Given the dire circumstances, Ron Sandler's plan to dismantle Northern Rock is the best taxpayers can expect.
He plans to shrink the operation drastically, halving the asset base in three years, repaying the Bank of England loans, and cutting staff by one-third. It's certainly the right direction, but before popping any champagne corks taxpayers should remember the following.
First, selling mortgage books in current market conditions will not be easy. Sandler should make sure he holds out for full value.
Second, the easiest assets to sell will the best. Which also applies to the NR mortgagees who will be persuaded to remortgage elsewhere. In three years time, taxpayers could find themselves left with the problematic rump.
Third, it's not at all clear how he proposes to unravel the offshore Granite funding vehicle (see previous blogs eg here).
Fourth, the NR statement talks of rebuilding its retail deposit base so it can reduce its reliance on fickle wholesale funding. Right now, with the Rock's market leading rates, that's probably going quite well. But that's because the HMG guarantee remains in place, which, as we've blogged many times, makes NR savings products highly attractive.
What happens when the government guarantee goes? Yes, most of the deposits are likely go too. Or to put it another way, taxpayers will have to go on guaranteeing NR's deposits into the forseeable future.
We are a very long way from being home and dry.

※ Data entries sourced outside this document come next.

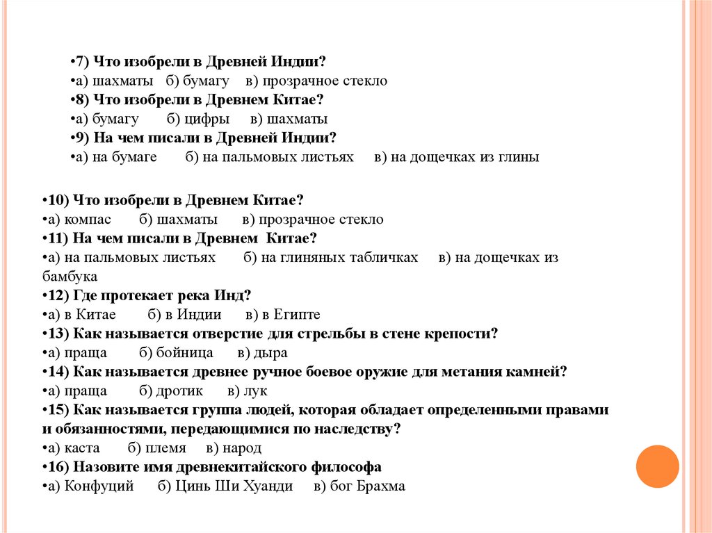 •7) Что изобрели в Древней Индии?•а) шахматы б) бумагу в) прозрачное стекло
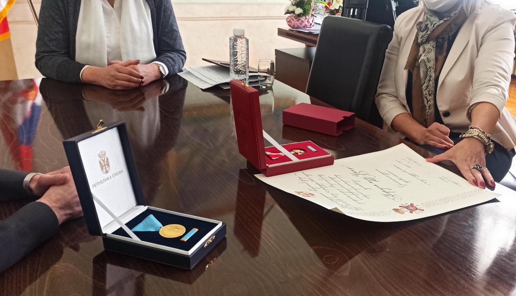 Danas je u kabinetu gradonačelnice Užica upriličen prijem za dobitnike priznanja povodom Dana državnosti Republike Srbije Slavicu Stefanović, direktorku Narodnog muzeja Užice koji je na svoju 75. godišnjicu postojanja odlikovan Sretenjskim ordenom trećeg stepena za dosadašnji uspešan rad na polju očuvanja kulturne i istorijske baštine i dr Slađanu Pavić, načelnicu Infektivnog odeljenja Opšte bolnice Užice, dobitnicu zlatne medalje za zasluge u borbi protiv kovida. Gradonačelnica Jelena Raković Radivojević čestitala je dobitnicima na priznanjima i istakla da su na ponos grada Užica i svih Užičana ova odlikovanja stigla u prave ruke. „Čestitam dobitnicama u nadi da će ova priznanja biti podsticaj i za sve druge užičke institucije i pojedince da u godinama koje dolaze ova velika priznanja stignu i u njihove ruke.“ Slavica Stefanović direktorka Narodnog muzeja Užice istakla je da je ukazom predsednika Republike Srbije Aleksandra Vučića užički muzej odlikovan za posebne zasluge za Republiku Srbiju i građane u oblasti kulture. „Zahvalna sam i gradonačelnici i Gradu Užicu koji su prepoznali naš rad i bili nam podrška pri konkurisanju za ovo priznanje. Ovo odlikovanje nije samo moja zasluga već zasluga generacija kustosa koji su radili sve ove godine u Muzeju, zatim rukovodećeg kadra koji je vodio Muzej ovim pravcem sve ove godine. „Kroz 75 godina rada i postojanja Muzej je dobio dosta značajnih priznanja, zahvalnica i nagrada a ovo državno priznanje je jedno od najvećih koje je Muzej dobio, i ono nam daje inspiraciju da trajemo i istrajemo u našem budućem radu“, istakla je direktorka Narodnog muzeja Slavica Stefanović. Dr Slađana Pavić navela je da je veoma zahvalna na priznanju koje je dobila i istakla da je ono rezultat velikog timskog rada svih medicinskih radnika Zdravstvenog centra Užice. „Volela bih da ovo priznanje shvate kao svoje cela služba anestezije, sve intezivne nege, služba radiologije, pedijatrije i sve druge službe, naše laboratorije, služba hitne pomoći, kovid ambulante, Dom zdravlja i ne samo naše užičke službe već ceo region. Svi su radili maksimalno, sjajno su radili i dalje rade. Isto tako ništa ne bi bilo da nemedicinsko osoblje nije, kada je to trebalo, radilo po 24 časa i rade i dalje“, rekla je doktorka Slađana Pavić. Ovo priznanje bih podelila i sa epidemiolozima Zavoda za javno zdravlje koji formalno nisu u sklopu Zdravstvenog centra, ali isto tako i sa svim zaposlenima u Čigoti koji su se zajedno sa nama lavovski borili i dalje se borimo.“ Ukazom predsednika Republike Srbije, povodom Dana državnosti, odlikovano je 164 pojedinca, ustanova i udruženja.
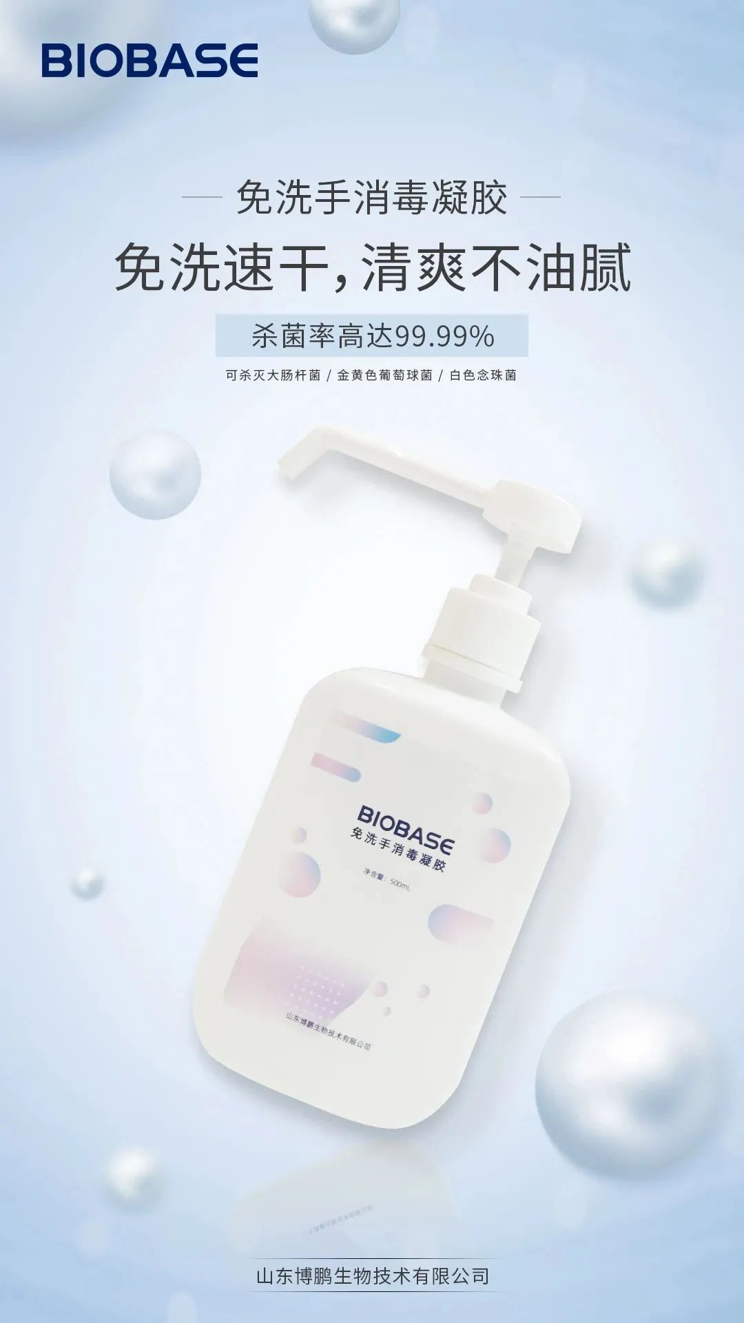 BIOBASE 免洗手消毒凝膠可殺滅大腸桿菌、金黃色葡萄球菌、白色念珠菌,免洗速干,殺菌率達到99.99%。
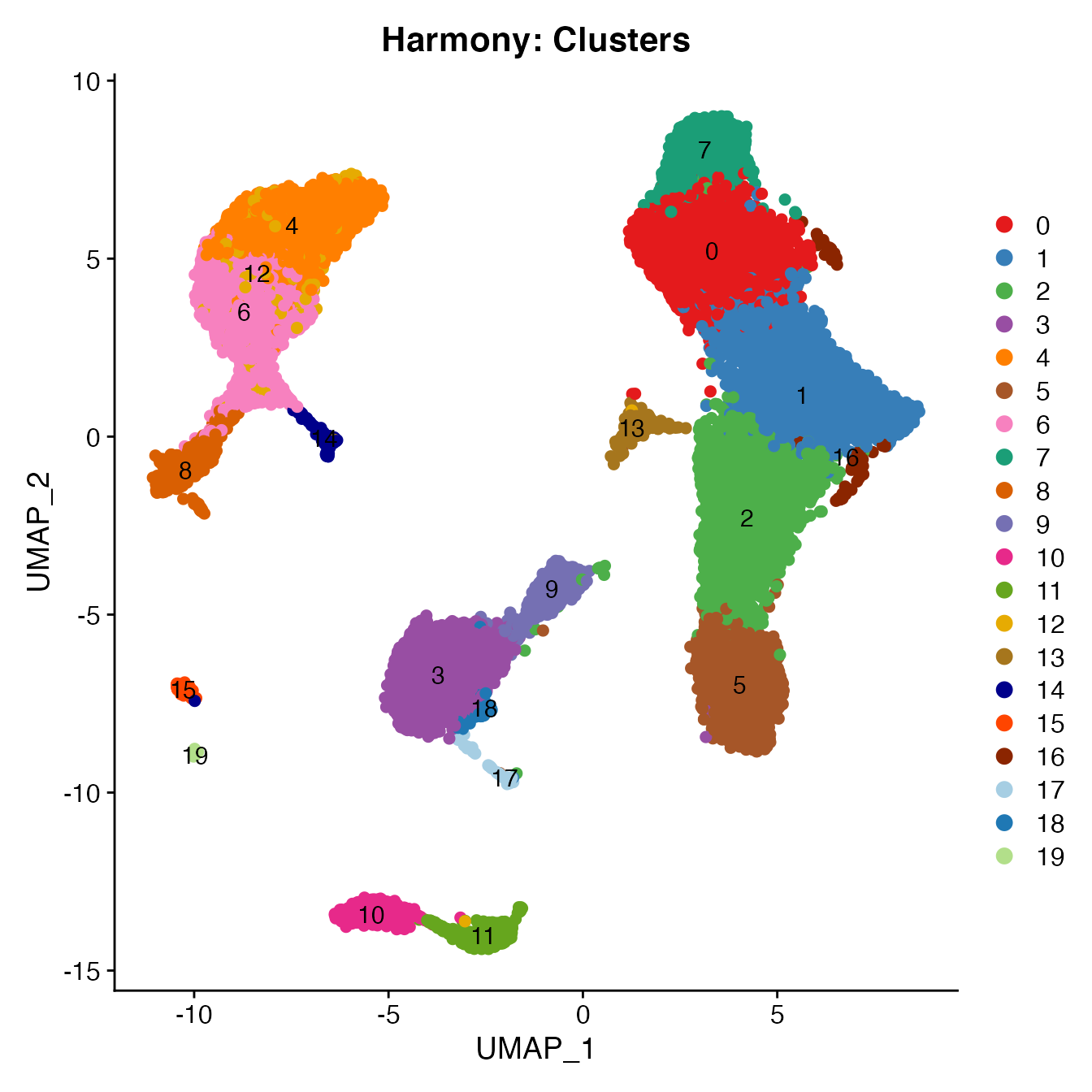 RunUMAP(reduction = "harmony", dims = 1:14) %>%
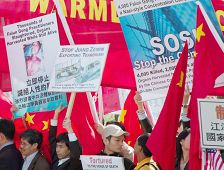 文章结尾是一位从德国慕尼黑来的西人法轮功学员:“她举着一张显示在中共监狱被拷打的憔悴囚犯的海报,上面写道‘中共集中营出售人体器官牟巨利’。她讲话时,泪水顺着脸颊滚落。”

PS We've reminded ourselves of some details from the US S&L crisis. There are some spooky similarities, including how, during the Go-Go 80s, the S&Ls diversified their funding sources from boring old retail savings accounts to wholesale funding via an array of intermediating sharks. Small town S&L managements were way out of their depth. Oh, and the subsequent bail out cost $160.1 billion, of which $124.6 billion was directly paid for the U.S. taxpayer.